Summary

This work presents experimental results that demonstrate significantly enhanced imbibition rates and oil recoveries by altering the wettability of the Spraberry rock from weakly water-wet to more strongly water-wet conditions. The Spraberry reservoir of the Permian Basin in west Texas is characterized as an areally extensive, low net-to-gross oil reservoir with low matrix permeability (< 0.1 md) that produces owing to a well-developed natural fracture system. The natural fractures coupled with a weakly water-wet rock-fluid system in a high salinity environment, and the low matrix permeability make it challenging to efficiently waterflood the Spraberry.
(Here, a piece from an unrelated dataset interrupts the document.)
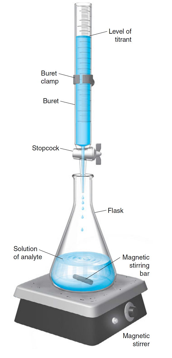 滴定法又可称为容量分析法。如图1所示,在该法中,滴定标准溶液通过滴定管逐渐加到待测物中,直至反应完全,然后测量消耗的标准溶液的体积就可以计算出待测物质的含量[4]。滴定法要求滴定反应应有足够大的反应平衡常数而且反应速率足够快。即是说,滴加的标准溶液应当与待测物完全而又迅速的发生反应,直至待测物被消耗完毕。常见的滴定法可分为三类:酸碱滴定法、氧化还原滴定法和沉淀滴定法。滴定法不需要特别的仪器,成本低,而且准确性高。

Such conditions lead to poor sweep efficiency, but low waterflood recovery can also be attributed to limitations of the spontaneous imbibition process under the mixed-wettability, low matrix permeability conditions existing naturally in Spraberry. Spontaneous imbibition experiments were performed on Spraberry plugs for a range of injectant brine compositions by varying brine salinities or by adding surfactants. Recovery improvements were observed. Surfactants and lower-salinity brines both alter the wetting properties of the Spraberry to more water-wet conditions, and these laboratory experiments show that stronger water-wet conditions result in significant increases in oil recovery by the spontaneous imbibition process. The results may assist the interpretation of potential field tests in future.

Introduction

The Spraberry field is believed to originally contain about 40 billion barrels of oil in the Spraberry and Dean formations. To increase field recovery, large areas of the field were unitized in the early 1960's, and secondary recovery projects involving pattern waterfloods were implemented. Current projections estimate that 10 to 20% of the oil originally in place (OOIP), will be recovered with waterflood developments using predominantly 40 acre well spacing and some 20 acre infill drilling. This is largely due to the presence of a well-developed natural fracture network which leads to poor sweep efficiency of the rock matrix by the injected water. The problem is further compounded by the fact that the Spraberry formation has low matrix permeabilities (typically < 1 md) and tends to be weakly water wet, so that the imbibition that does occur between the fractures and matrix is slow, and is inhibited relative to the imbibition that could occur in a more strongly water-wet rock-fluid system.

The objective of this study is to investigate ways in which the performance of the Spraberry waterfloods can be improved. Laboratory experiments are conducted to study ways of enhancing oil recovery via secondary imbibition either using low salinity brine or by using dilute surfactant systems. The results from the lab study will facilitate design a field pilot flood.